Clin
Cardiol 2000 Aug;23(8):580-6
Clinical and nonclinical correlates of racial and ethnic differences
in recommendation patterns for coronary revascularization.
Barnhart JM, Wassertheil-Smoller S, Monrad ES.
Department of Epidemiology, Albert Einstein College of Medicine, Bronx,
New York, USA.
BACKGROUND: We sought to determine whether gender or
racial differences exist in recommendations for coronary revascularization
in a multiracial patient population undergoing their first coronary angiography
at an academic institution from 1990-1993 for the evaluation of coronary
artery disease (CAD).
HYPOTHESIS: For patients with clinically significant
CAD, no racial differences exist in the recommendation to revascularization
following coronary angiography.
METHODS: The main outcome measure was a recommendation
for coronary revascularization such as percutaneous transluminal coronary
angioplasty (PTCA) or coronary artery bypass graft (CABG) for patients
with clinically significant CAD (n = 590). The primary multiple logistic
regression analysis focused on only those patients with angiographically
severe disease, defined as triple-vessel or left main CAD (n = 180). Race
was trichotomized into Hispanic, black, and white to ascertain whether
any differential effects of race/ethnicity existed while controlling for
age, gender, ejection fraction, angina, diabetes, hypertension, and peripheral
vascular disease. A medical record review for all patients with severe
CAD, who were given a recommendation for medical therapy, was conducted
to ascertain whether previously unmeasured clinical factors or nonclinical
factors may have precluded a PTCA/CABG recommendation.

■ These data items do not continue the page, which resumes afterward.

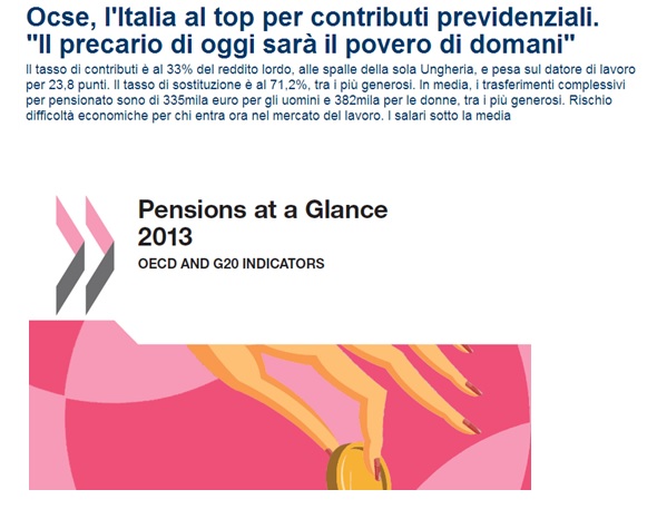 Il tasso italiano dei contributi pensionistici nel 2012 era infatti pari al 33% del reddito lordo, in aumento dal 28,3% del 1994, contro una media Ocse del 19,6%.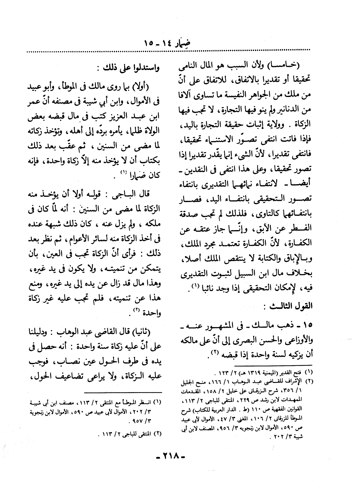 (2) الإشراف للقاضي عبد الوهاب 1 / 166، منح الجليل 1 / 356، شرح الزرقاني على خليل 2 / 158، المقدمات الممهدات لابن رشد ص 229، المنتقى للباجي 2 / 113، القوانين الفقهية ص 110 (ط. الدار العربية للكتاب) شرح الموطأ للزرقاني 2 / 106، المغني 3 / 47، الأموال لأبي عبيد ص 590، الأموال لابن زنجويه 3 / 956، المصنف لابن أبي شيبة 3 / 202.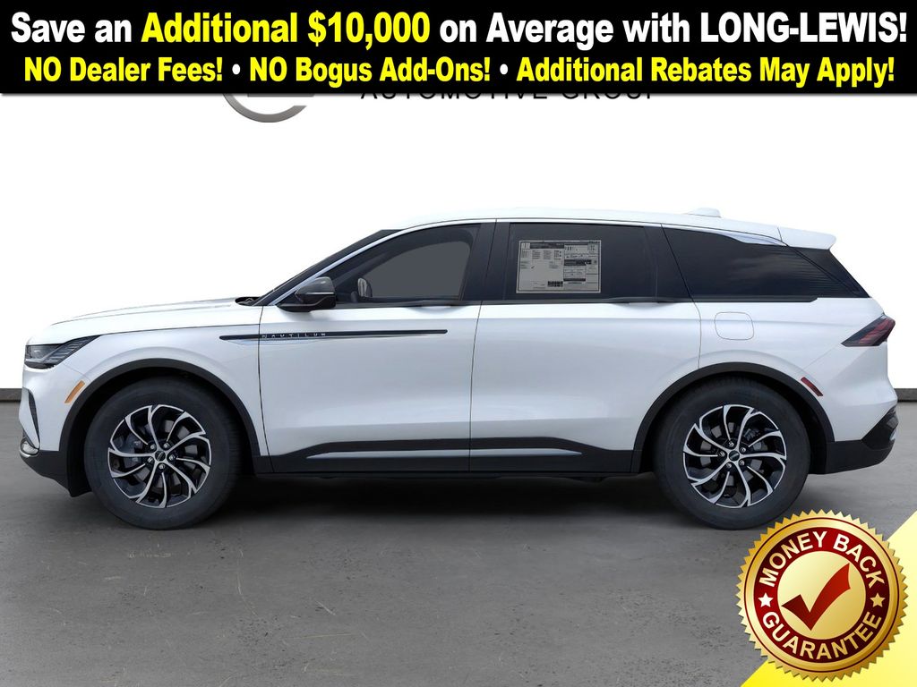 White Platinum Metallic Tri-Coat 2026 Lincoln Nautilus Premiere NLT AWD 8-Speed Automatic 2.0L GTDi 10 Speakers, 19" Bright Machined Aluminum Wheels, 4-Wheel Disc Brakes, ABS brakes, Air Conditioning, Alloy wheels, AM/FM radio: SiriusXM with 360L, Apple CarPlay/Android Auto, Auto High-beam Headlights, Auto tilt-away steering wheel, Auto-dimming Rear-View mirror, Automatic temperature control, BlueCruise Equipped (4-Years Included), Brake assist, Bumpers: body-color, Compass, Delay-off headlights, Driver door bin, Driver vanity mirror, Dual front impact airbags, Dual front side impact airbags, Electronic Stability Control, Emergency communication system: 911 Assist, Exterior Parking Camera Rear, Four wheel independent suspension, Front anti-roll bar, Front Bucket Seats, Front Center Armrest w/Storage, Front dual zone A/C, Front reading lights, Fully automatic headlights, Garage door transmitter, Heated door mirrors, Heated front seats, Heated steering wheel, Illuminated entry, Knee airbag, Leather steering wheel, Lincoln Connectivity Package, Lincoln Digital Experience, Lincoln Soft Touch Heated Front Captain's Chairs, Low tire pressure warning, Memory seat, Navigation System, Occupant sensing airbag, Outside temperature display, Overhead airbag, Overhead console, Panic alarm, Passenger door bin, Passenger vanity mirror, Power door mirrors, Power driver seat, Power Liftgate, Power passenger seat, Power steering, Power windows, Radio data system, Radio: AM/FM Premium Audio, Rain sensing wipers, Rear anti-roll bar, Rear reading lights, Rear seat center armrest, Rear window defroster, Rear window wiper, Remote keyless entry, Security system, SiriusXM with 360L, SiriusXM with 360L (4 Year Plan), Speed control, Speed-sensing steering, Speed-Sensitive Wipers, Split folding rear seat, Spoiler, Steering wheel memory, Steering wheel mounted audio controls, Tachometer, Telescoping steering wheel, Tilt steering wheel, Traction control, Trip computer, Turn signal indicator mirrors, Variably intermittent wipers.

RESULTS: Hispanics with severe disease were significantly
less likely than whites to be given a recommendation for PTCA/CABG following
angiography [odds ratio (OR) = 0.39; 95% confidence interval (CI) (0.17,
0.92)]. Blacks were 67% as likely as whites to be given such a recommendation
[OR = 0.67; 95% CI (0.17, 2.71)]. Medical records, reviewed for 35 of
40 of these patients given a recommendation for medical therapy, revealed
that 6 patients eventually had PTCA/CABG within 6 months due to precipitating
ischemic events; 9 had such severe or diffuse disease that revascularization
did not appear to be an alternative, and 2 patients opted for medical
therapy.
CONCLUSIONS: Racial differences were manifested in the
recommendations made following angiography and may be explained by previously
unmeasured clinical as well as nonclinical factors.